As a follow-up to this, I will take their phones from them tomorrow and ask them to do the task again.

These two classes are usually stressful for me but this lesson really worked well. These kinds of lessons come along every now and then and I think I have to utilise the idea a few more times in the semester.

What was out of your control today and how did you handle it?

I strained my lower back a little bit today but it was my own fault. In my morning exercise, I did Swimmer-Superman, which engages the lower back and the strain feels nice.

In the afternoon, I wandered into monkey Sarah’s class and she came and played with me. To playfully punish her, I picked her up around the waist and turned her upside down. She screamed and laughed and I let her down again.

A few minutes later, I felt a twinge in my lower back. I asked her how much she weighed, as she is pretty skinny and probably not even 5 feet tall. She said that she was 48kg, which is more than some of her friends who are taller than her.

Anyway, I will be more careful about who I pick up and play with next time!

Something I learned today?

(See above!)

In Opposition – 27th November 2024

Defined by dualities
A refusal to conform
There’s no moral dilemma
Opposition being born

What sacrifices are made
Challenging the status quo
Protest against injustice
Opposing the mainstream show

Countering counterculture
The margins are underground
Narrative struggles remain
Where opposition is found

The conflict of one’s desire
Families beggar belief
Carving out personal faith
Opposition brings relief

Shared with Poets and Storytellers United – opposite concepts


Today I’m feeling:

Not so bad, though my stomach still feels a bit weird but I think I have it in my control again!

I didn’t sleep particularly well as I was hot throughout the night. It seems that winter is taking its time arriving properly this year and I still put the aircon on for a few hours but considering keeping it on all night if it helps me stay asleep.

I skipped exercise this morning, mostly due to fear of an accident when squatting or doing a sit-up etc.

I took a full sertraline again today and will see if I settle back down with my thoughts again.

Health:

Physical: 7
Mental: 7

Today I’m grateful for:

Getting my monthly report finished during the 50-minute break between classes. At least, assuming that it doesn’t need revision. It’s another task that is a waste of time but someone somewhere has decided it is necessary, probably because someone else, somewhere else, has been abusing the system. Never let a good solution get in the way of doing extra work!

The best thing about today was:

Both my classes today were excellent, with students getting involved in doing the work I asked of them. Easy, as they were grade 12 and grade 10.

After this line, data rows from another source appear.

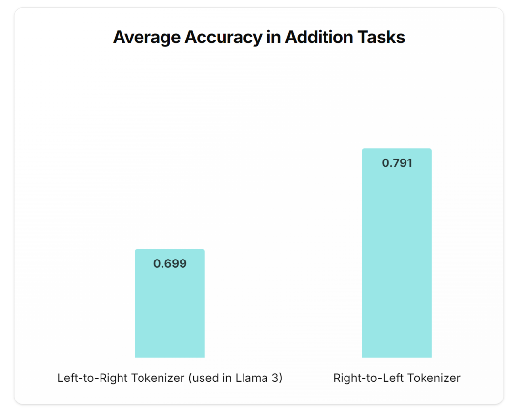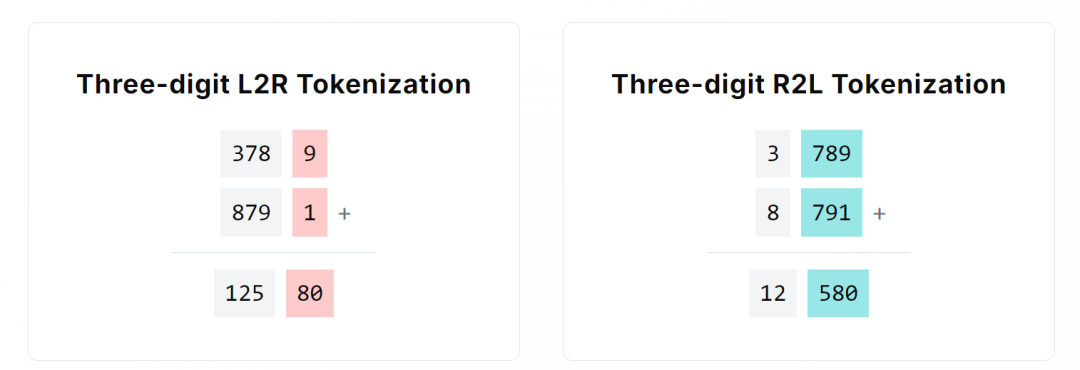 如上所示,在三位数从左到右(L2R)的例子中,9 + 1 应该映射到数字 0,但实际上却与 8 组合在一起形成了 80,因为前面的三个 token(125)已经被分在一起了。tokenization 边界的偏移在学习过程中引入了额外的复杂性,已经证明准确性是有害的。
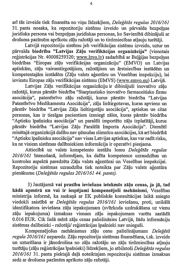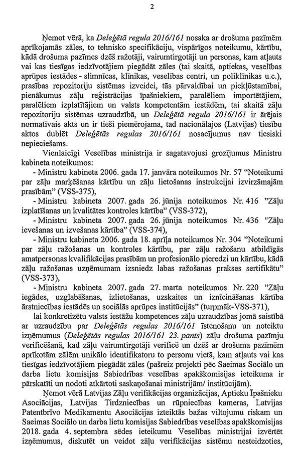 Kolēģi! Kā jau mēs... un arī citas partijas vasarā un rudenī norādīja, Latvijā šobrīd ir vienas no dārgākajām zālēm Eiropā. No nākamā gada 9. februāra sāks darboties Eiropas Savienības direktīva, kas paredz zāļu drošības pārbaudes regulējumu. Ņemot vērā neziņu un neskaidrības par direktīvas ieviešanas gaitu, kā arī zāļu ražotāju un tirgotāju gatavību nodrošināt šos marķējumus un nepieciešamās pārbaudes, sabiedrībā ir bažas un neziņa par zāļu pieejamību pēc šīs regulas stāšanās spēkā, kā arī par to, kā tas ietekmēs jau esošās augstās zāļu cenas.
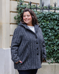 Buy the Nora Coat sewing pattern from Coralie Bijasson. Nora is a stylish coat with a subtle A-line shape, raglan sleeves, and practical hood. Sew it in wool for cold weather, or in coated canvas for a lighter mid-season variation. Its clean and contemporary cut makes it a wardrobe essential.

Maybe I should be demanding that I only teach the high school kids like George does. I would like the easy life too!

Tomorrow is two classes of grade 8s. Ugh! Haha. They are all my favourite kids, but not my favourite students.

Something I learned today?

When the power was out yesterday, Amy went across to the auntie’s, whose house was also out, the one where Tangmo lives. We haven’t seen him for a few days and Amy asked if he was ok. The auntie there said that in the evenings, he likes to go off to the market and hang around there, where he can find food and probably cuddles and more adventure.

Amy said she would be worried about him having to cross the highway to get there, but auntie said that they have seen him waiting for the light to turn red before crossing!

Still, if he were my pup, I would be making sure he had enough love and comforts to want to stay around home and not wander off so far for the evenings!